Rage at her words flowed through me. I wanted to strangle some sense into her, but our emotions were vibrating off the walls and I was sure the tiles would shake and fall off soon. “We can if you stop this. Don’t put yourself in a position where I’ll have to fight to keep you alive day in and day out. A bratva queen is always in danger.”

“Good thing I’m not an Armanelli queen then, right? You’re only their monster, not mine.” She dropped her hand, turned and swung open the bathroom door. This time I let her.

“You stay with the bratva, you leave this family behind, Cleo.” I let the words fall from my lips as a warning, but they were filled with anguish too.

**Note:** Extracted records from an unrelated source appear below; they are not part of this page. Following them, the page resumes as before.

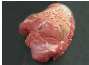
Veal Roasting Joint 1kg £16.30 1.5kg £24.45 2kg £32.60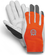
GANTS, CLASSIC LIGHT 596 31 06-09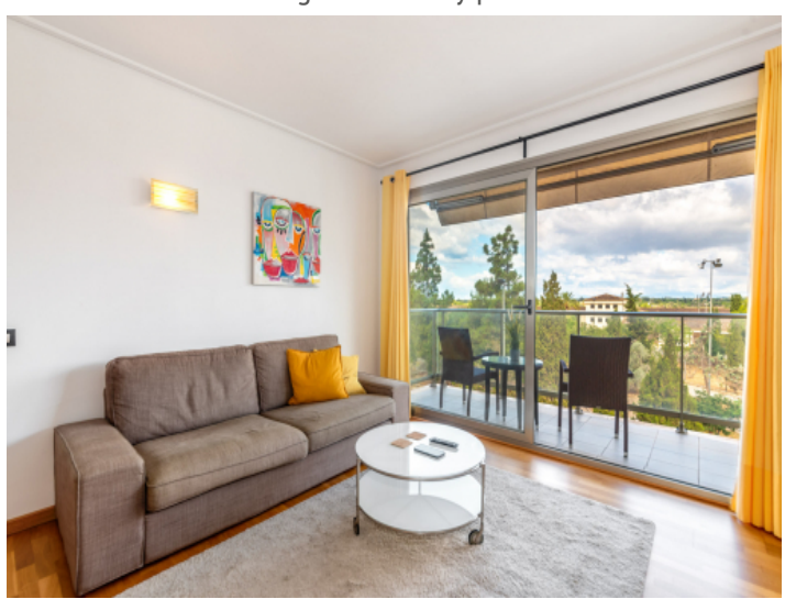
Comfortable living area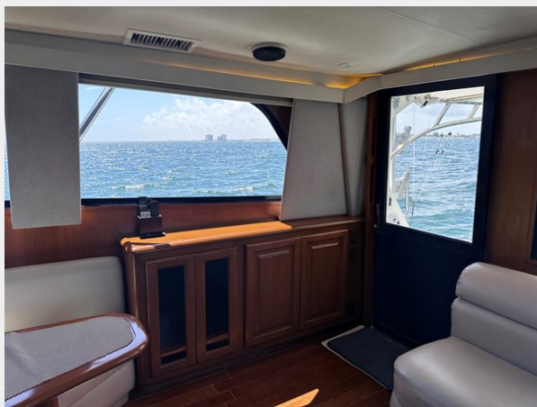
82 - Viking 47 Convertible 1996 - Calypso - Foto Horizontal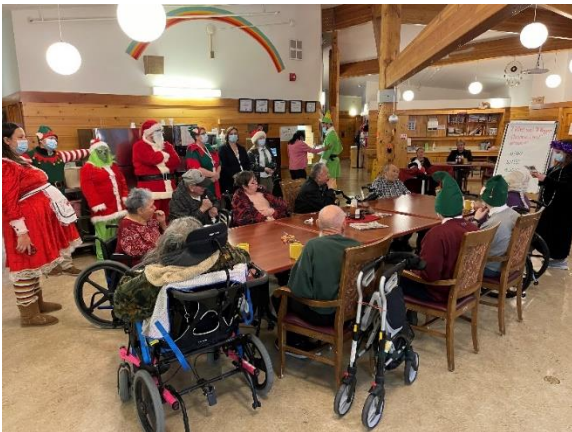
Movie Trivia Contest with the Avens Manor residents and AVENS staff. Who knows their movie trivia the best?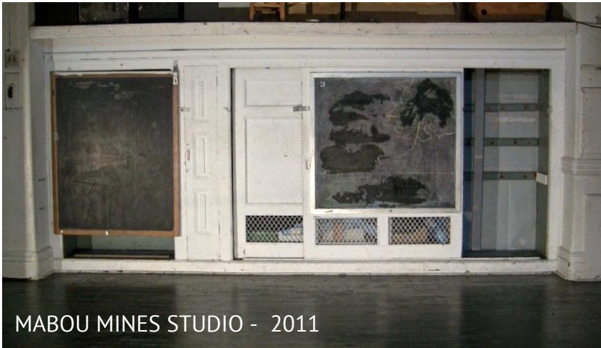
MABOU MINES STUDIO - 2011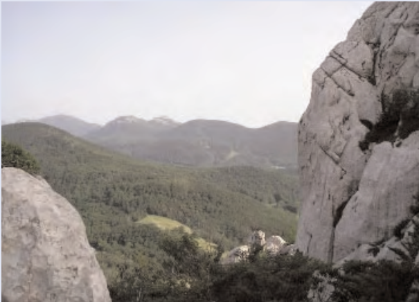
Velebit Mountain.

A workshop focusing on the techniques used for managing and facilitating consultation processes, and the development of communication strategies was organized by ECNC, in association with the Croatian State Institute for Nature Protection, in Velebit National Park, Croatia.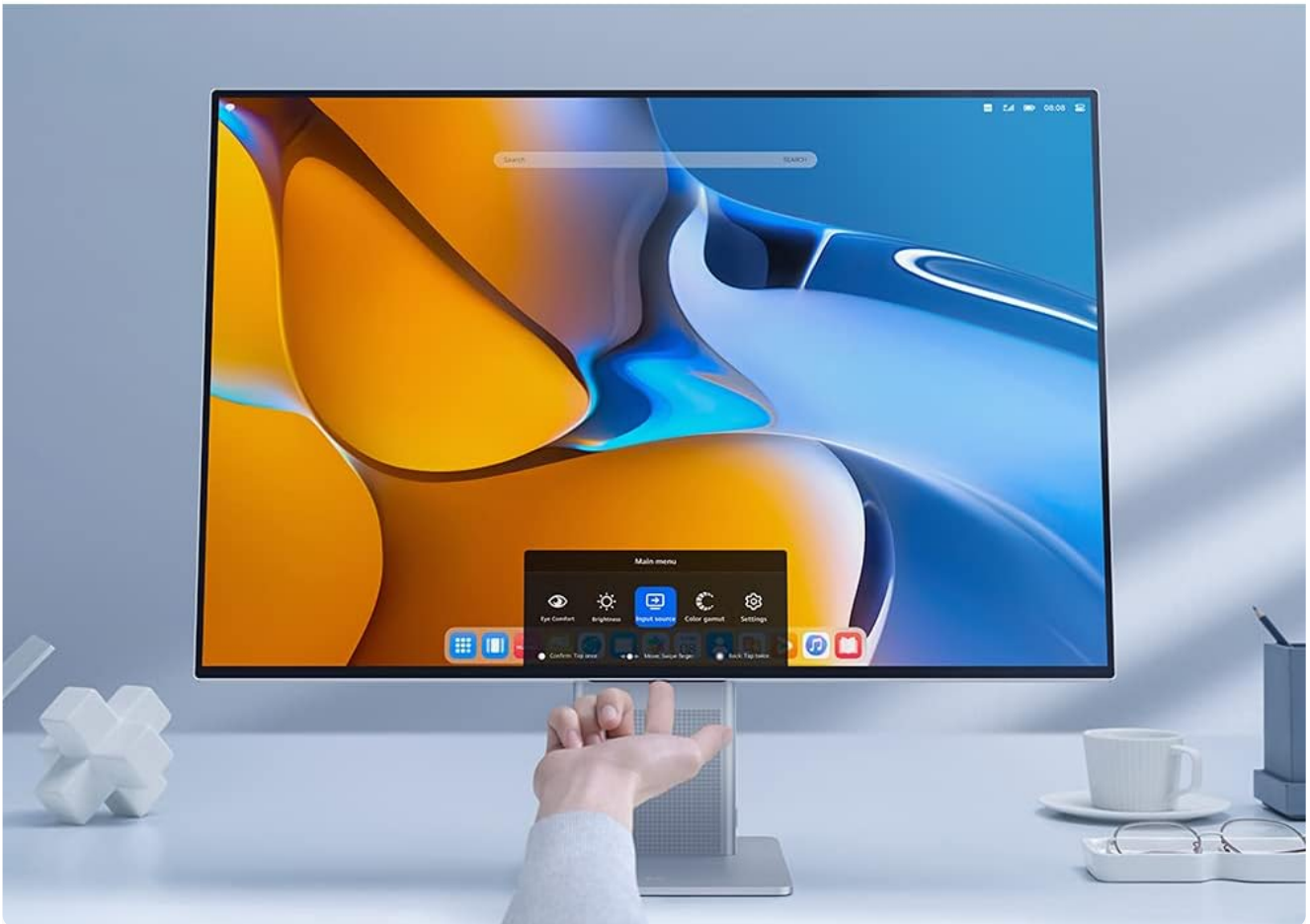
Figure 5.1: The Smart Bar interface on the HUAWEI MateView Monitor, showing touch controls for settings.

Intuitive touch controls for easy interactions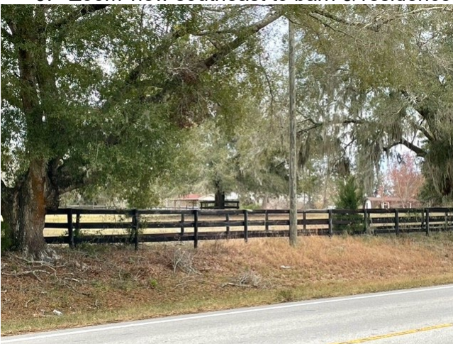
9. Zoom view southeast to barn & residence.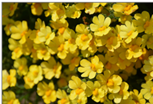
Nessie Plus Yellow Nemesia flowers

Nessie Plus Yellow Nemesia is recommended for the following landscape applications;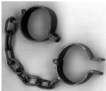
The price of forfeiting Liberty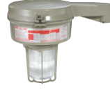
Stanchion Straight w/ 5-1/2" Refractor & Guard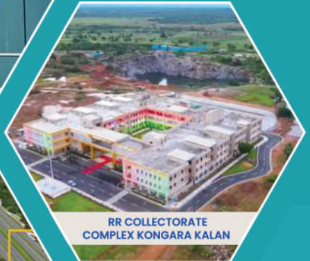
RR COLLECTORATE COMPLEX KONGARA KALAN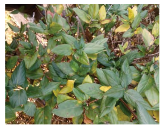
Figure 25: Lonicera quinquelocularis Hardw.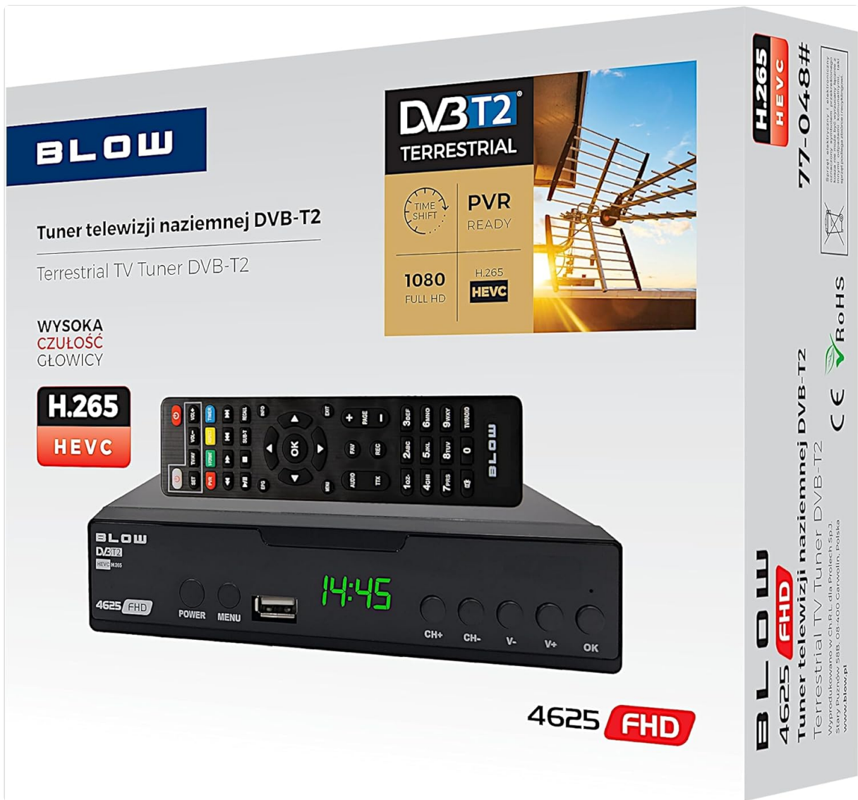
Image 3.1: Retail packaging of the BLOW 4625FHD DVB-T2 Tuner, showing the tuner unit and remote control.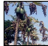
Papaya mealybugs on papaya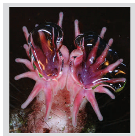
Figure 1 | Star nose of the mole ( Condylura cristata ) breathing air while underwater. Bubbles are of comparable size to 'sniff' volumes above water in small mammals.

The five moles tested on an earthworm scent followed the underwater scent trails to reach a reward with an average accuracy of 85% (ranging from 75% to 100% correct for the 20 trials used for each mole; Fig. 2a), and the two moles tested on a fish scent followed the smell with 85% and 100% accuracy, respectively (see supplementary information).

She froze mid stride before she turned and looked at me. Her eyes glistened like stars shining on metal in the night. “I leave you behind too, Rome. You aren’t just the family. One day you’ll see that. One day, you’ll get why I’m doing all this. We’re more than what everyone has made us out to be, huh?”

I could chase her, but I knew if I did it would only be to rip her apart for what she was putting me through.

We were destroying each other, and one of us had to stop. We couldn’t keep fighting, especially when neither of us was willing to give an inch. If we continued this, we’d both end up dead. She was too important to more than just me now. She was an heiress. A Russian Princess.

The monster in me lay down and surrendered to its queen.